WHAT THIS TASK INVOLVES: Please retype the data below exactly, stopping after the line with "Barrett eventually sold" and skipping every picture.

DATA:
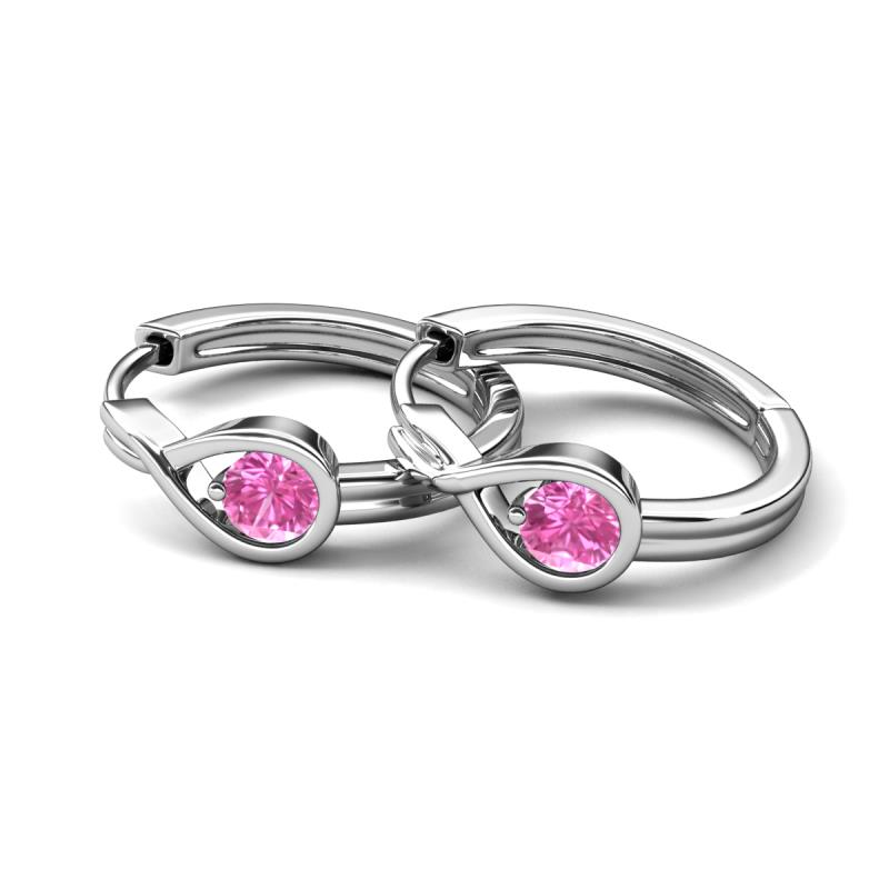 0.53 ctw (4.00 mm) Round Pink Sapphire Infinity Solitaire Women Bezel set Hoop Earrings in 14K White Gold More Details ...
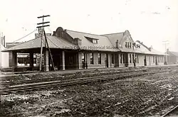 Barrett eventually sold her landholdings near the tracks and Northern Pacific constructed a wood, "regulation depot" in 1890 in a pork processing warehouse. The structure was owned by West and fellow prominent Chehalin,[c] John Dobson of John Dobson Park. A grain warehouse was built later, using funds gathered from company stock offered at $10 per share.[15][13][14] Difficulties over the right-of-way remained into August 1890 as the railroad required several hundred feet of access on both sides of the tracks. Parcels were owned by numerous other people, which included large homes that needed to be moved. Estimates to complete the acquisitions reached as high as $25,000.[19] Union Pacific built an extension of their line to the new station beginning in 1891.[20]
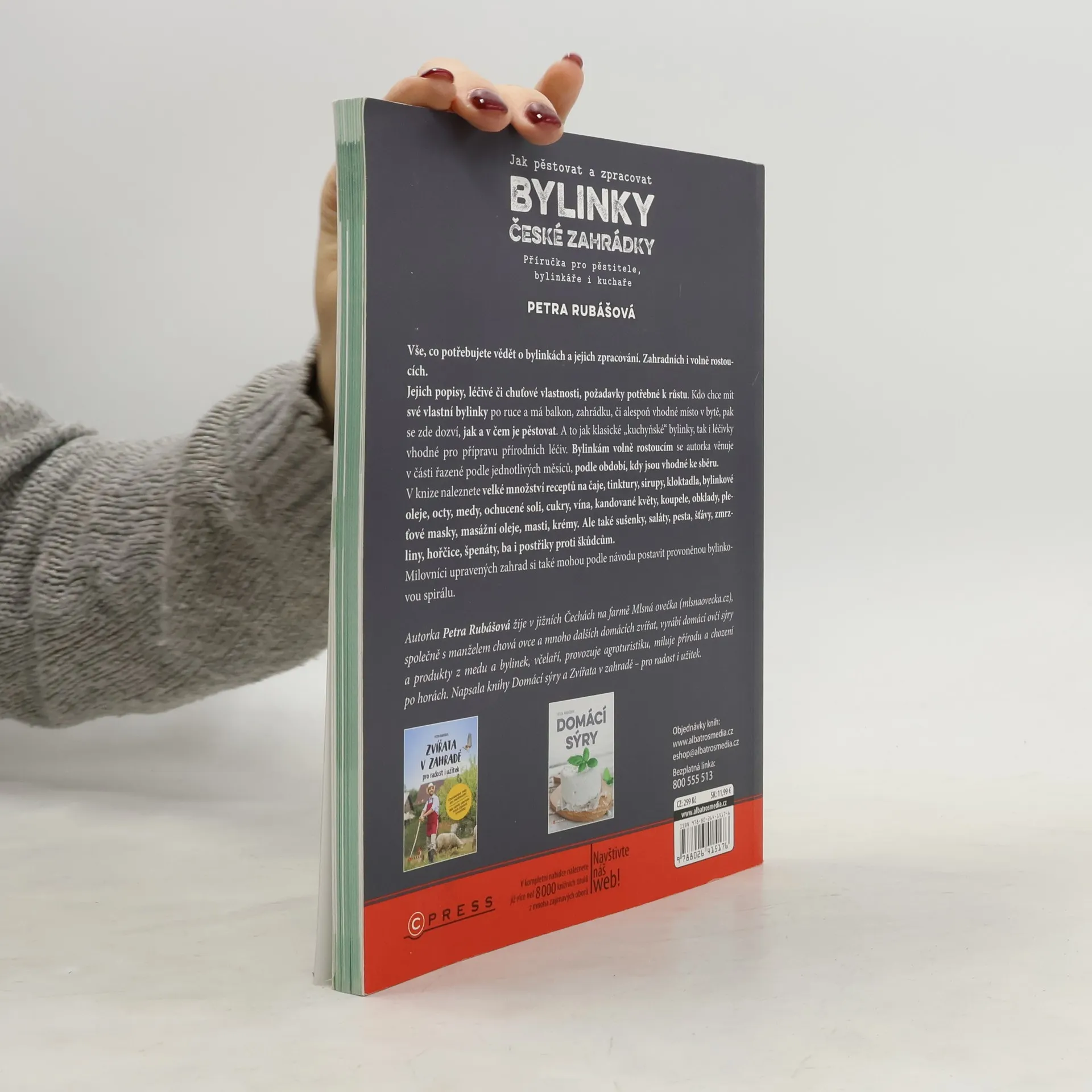 Vše, co potřebujete vědět o bylinkách a jejich zpracování. Zahradních i volně rostoucích. Jejich popisy, léčivé či chuťové vlastnosti, požadavky potřebné k růstu. Kdo chce mít své vlastní bylinky po ruce, a má balkon, zahrádku, či alespoň vhodné místo v bytě, pak se zde dozví, jak a v čem je pěstovat. A to jak klasické „kuchyňské“ bylinky, tak i léčivky vhodné pro přípravu přírodních léčiv. Bylinkám volně rostoucím se autorka věnuje v části řazené podle jednotlivých měsíců, podle období, kdy jsou vhodné ke sběru. V knize naleznete velké množství receptů na čaje, tinktury, sirupy, kloktadla, bylinkové oleje, octy, medy, ochucené soli, cukry, vína, kandované květy, koupele, obklady, pleťové masky, masážní oleje, masti, krémy. Ale také sušenky, saláty, pesta, šťávy, zmrzliny, hořčice, špenáty, ba i postřiky proti škůdcům. Milovníci upravených zahrad si také podle návodu mohou postavit provoněnou bylinkovou spirálu a pak ji vhodně osadit. Autorka Petra Rubášová žije v jižních Čechách na farmě Mlsná ovečka (mlsnaovecka.cz), společně s manželem chová ovce a mnoho dalších domácích zvířat, vyrábí domácí ovčí sýry a produkty z medu a bylinek, včelaří, provozuje agroturistiku, miluje přírodu a chození po horách

RESPONSE TO THIS TASK:
 0.53 ctw (4.00 mm) Round Pink Sapphire Infinity Solitaire Women Bezel set Hoop Earrings in 14K White Gold More Details ...
 Barrett eventually sold her landholdings near the tracks and Northern Pacific constructed a wood, "regulation depot" in 1890 in a pork processing warehouse. The structure was owned by West and fellow prominent Chehalin,[c] John Dobson of John Dobson Park. A grain warehouse was built later, using funds gathered from company stock offered at $10 per share.[15][13][14] Difficulties over the right-of-way remained into August 1890 as the railroad required several hundred feet of access on both sides of the tracks. Parcels were owned by numerous other people, which included large homes that needed to be moved. Estimates to complete the acquisitions reached as high as $25,000.[19] Union Pacific built an extension of their line to the new station beginning in 1891.[20]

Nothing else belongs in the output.